Но перекрестился он не по-православному: он прикоснулся пальцами сначала к левому плечу, потом к правому, и Сакен тут же заметил это.
— Католик? — спросил он. — Поляк?
— Так точно, католик, но не поляк, а француз по отцу, ваше превосходительство, — отчетливо ответил унтер-офицер, и Сакен удивленно высоко поднял брови.
— Францу-уз?.. Вот как, скажи пожалуйста!.. Француз? А как фамилия?
— Дебу, ваше высокопревосходительство… Представлен к производству в офицерский чин и ожидаю производства.
— А-а? В прапорщики представлен? Это другое дело… Это — совсем особое дело…
Сакен смотрел на него очень внимательно, не опуская бровей, и Дебу думал уже, что вот неожиданно для него наступил благоприятный момент изложить свою просьбу, но подошел с какою-то бумагой Васильчиков и отвлек Сакена, который вышел вместе с ним из кабинета, а вскоре даже уехал куда-то.
Подходящий момент был упущен, однако Дебу счел большой удачей и то, что он как бы представился барону, и тот может уже теперь вспомнить о нем при других обстоятельствах.
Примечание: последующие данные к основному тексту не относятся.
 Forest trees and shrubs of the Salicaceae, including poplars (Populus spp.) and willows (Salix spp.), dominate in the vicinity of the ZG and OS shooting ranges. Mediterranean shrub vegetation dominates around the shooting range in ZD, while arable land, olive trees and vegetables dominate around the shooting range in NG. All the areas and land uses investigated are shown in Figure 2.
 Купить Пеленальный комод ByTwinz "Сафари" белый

Отчасти хорошо, пожалуй, думал Дебу, даже и то, что подошел Васильчиков и не пришлось докладывать Сакену о такой неприятности, как два года арестантских рот, отбытых в крепостце Килия за участие в кружке Петрашевского. Неизвестно ведь было, как мог бы посмотреть на это богомольный барон, недавно подавлявший революционное восстание в Венгрии.
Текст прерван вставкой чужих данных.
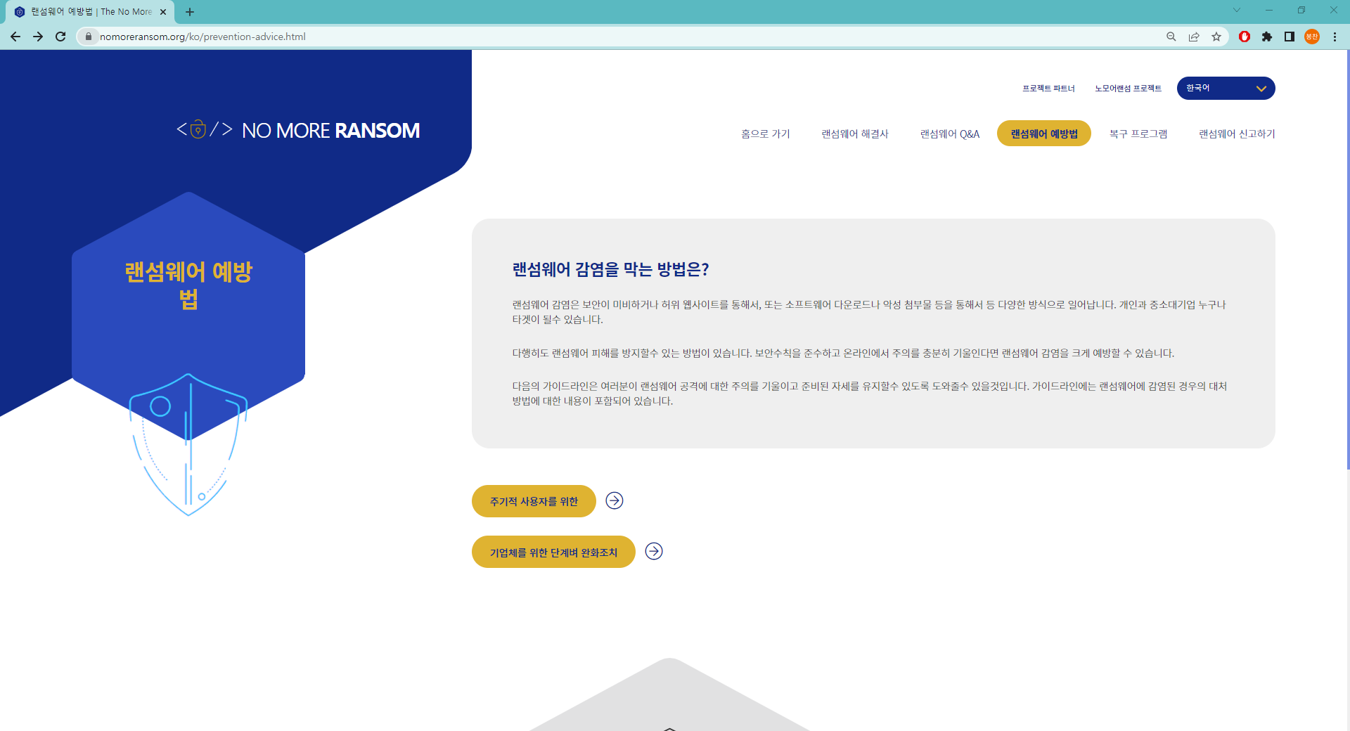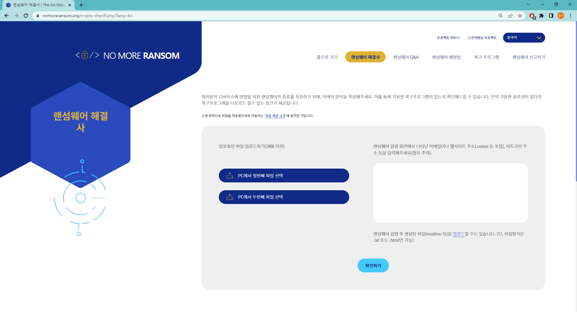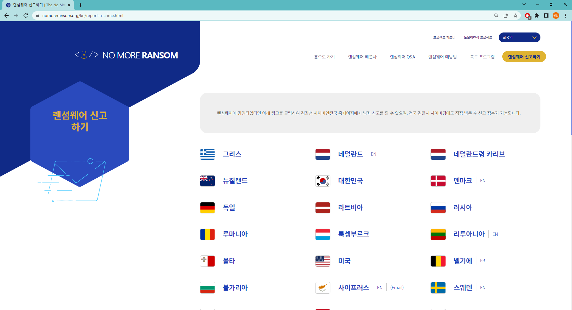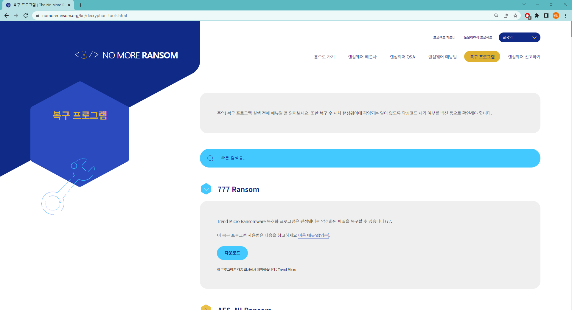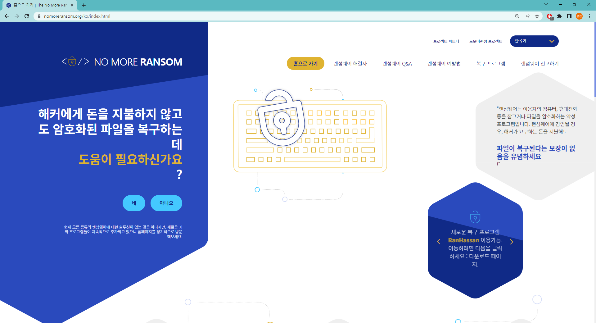 [NoMoreRANSOM] 랜섬웨어 복구 프로그램 및 지원 사이트

Наконец, производство затянулось не для одного него только: и Бородатов, разжалованный два года назад, пока еще не получил тоже чина, к которому был представлен в прошлом еще году, а ходил, как и он, с двумя белыми басонами унтера на солдатских погонах.
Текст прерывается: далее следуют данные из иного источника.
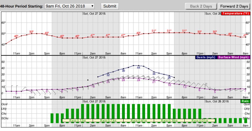 Winds from 15 to 25 mph with gusts up to 45 mph are expected late Friday through Saturday morning. Gusty winds will blow around unsecured objects. Tree limbs could be blown down and a few power outages may result.
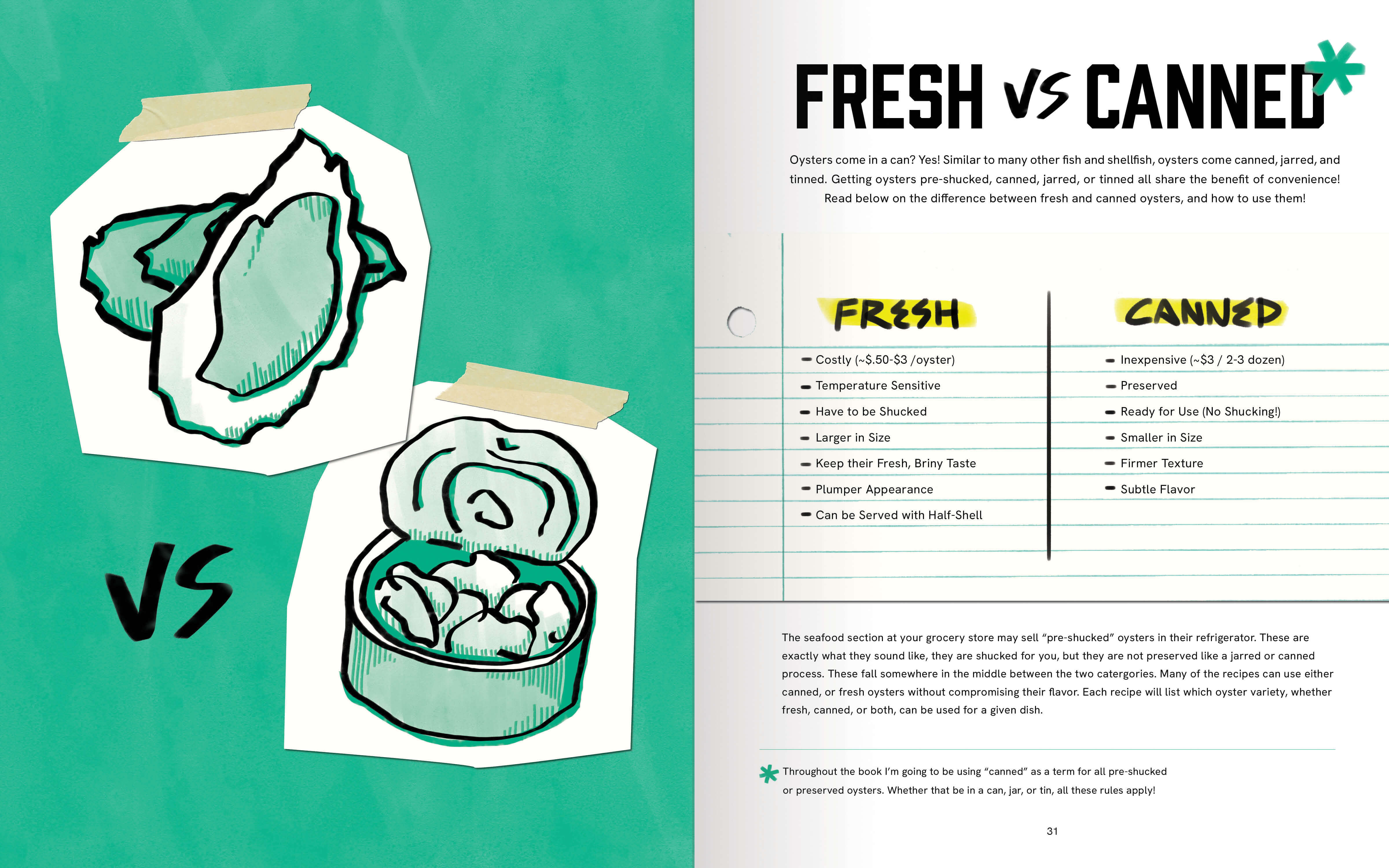 Vibrant colors, hand-drawn illustrations, and layered textures give Shucked a playful energy. The book also uses a cheeky, lighthearted voice. From its title to playful phrases like "Let's Shuck" and "Like it Raw?", the brand makes oysters fun, cover to cover!
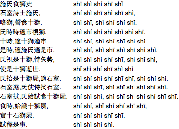 Tome el famoso poema chino: "Lion-Eating Poet in the Stone Den".
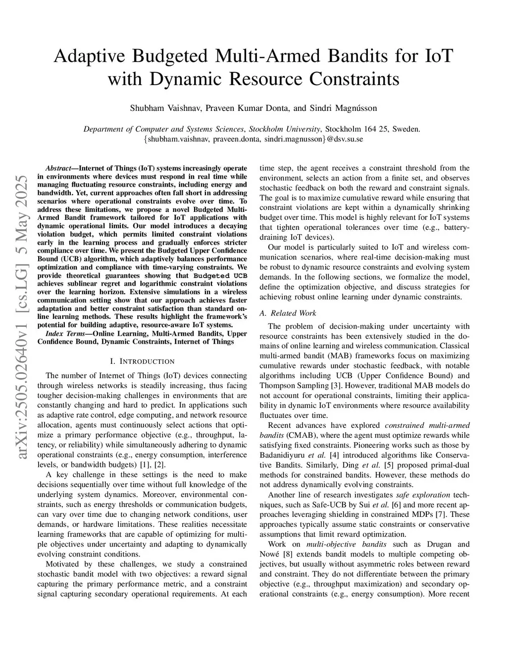 Internet of Things (IoT) systems increasingly operate in environments where devices must respond in real time while managing fluctuating resource constraints, including energy and bandwidth. Yet, current approaches often fall short in addressing scenarios where operational constraints evolve over time. To address these limitations, we propose a novel Budgeted Multi-Armed Bandit framework tailored for IoT applications with dynamic operational limits. Our model introduces a decaying violation budget, which permits limited constraint violations early in the learning process and gradually enforces stricter compliance over time. We present the Budgeted Upper Confidence Bound (UCB) algorithm, which adaptively balances performance optimization and compliance with time-varying constraints. We provide theoretical guarantees showing that Budgeted UCB achieves sublinear regret and logarithmic constraint violations over the learning horizon. Extensive simulations in a wireless communication setting show that our approach achieves faster adaptation and better constraint satisfaction than standard online learning methods. These results highlight the framework's potential for building adaptive, resource-aware IoT systems.

Сакен же в этот день отправился на Северную сторону для осмотра войск, расположенных на Инкермане, и в одном из полков 17-й дивизии, которой командовал теперь назначенный на места Кирьякова генерал-лейтенант Веселитский, он поражен был внешностью полкового священника, иеромонаха Иоанникия.
Это был тот самый иеромонах, которого мельком видел в окно симферопольской гостиницы «Европа» Пирогов и окрестил его Пересветом, тот самый, потрясающий голос которого гремел в недозволенных песнях и, казалось, колебал колонны вестибюля гостиницы, — вот-вот рухнут.
Барон немедленно, лишь только поравнялся с ним, слез с лошади и подошел под благословение, но, получив его и с чувством приложившись к чрезмерно широкой лапе, усеянной рыжими веснушками, он не тут же сел снова на лошадь, он отступил на шаг, чтобы осмотреть как следует, с головы до ног, этого огромного и богатырски сложенного человека в черной рясе, с длиннейшей, светлого волоса, тоже богатырской бородою, весьма пышно разлегшейся на груди и досягавшей до пояса. Серые глаза его глядели на барона, заместителя главнокомандующего, отнюдь не по-монашески смиренно и подчиненно, — напротив, светился в них как будто даже чуть-чуть насмешливый огонек.
— Откуда вы, батюшка, к нам? Из какой обители? — спросил Сакен, почтительно улыбаясь.
— Из Юрьевского, новгородской епархии, монастыря, ваше сиятельство, — пророкотал Иоанникий.
— Из Юрьевского?.. Это — архимандрита Фотия? — так и вспорхнул умиленным голосом Сакен.
— Точно так, застал я еще отца Фотия в последний год его земной жизни… По его же личному настоянию и монашество я принял: голос мой очень понравился. Так из новгородской духовной семинарии не в приход я попал, а в обитель Юрьевскую, ваше сиятельство.
Хотя Фотий умер уже лет семнадцать назад, все-таки Сакен проникся еще большим почтением к иеромонаху, который подходил под благословение к самому знаменитому архимандриту. Но сколько ни льстило ему, что этот богатырь в рясе зовет его «сиятельство», все-таки в присутствии князя Васильчикова он счел нужным заметить новому Пересвету:
— Не «ваше сиятельство», а прошу обращаться ко мне по моему чину, поскольку титула князя или графа я не имею.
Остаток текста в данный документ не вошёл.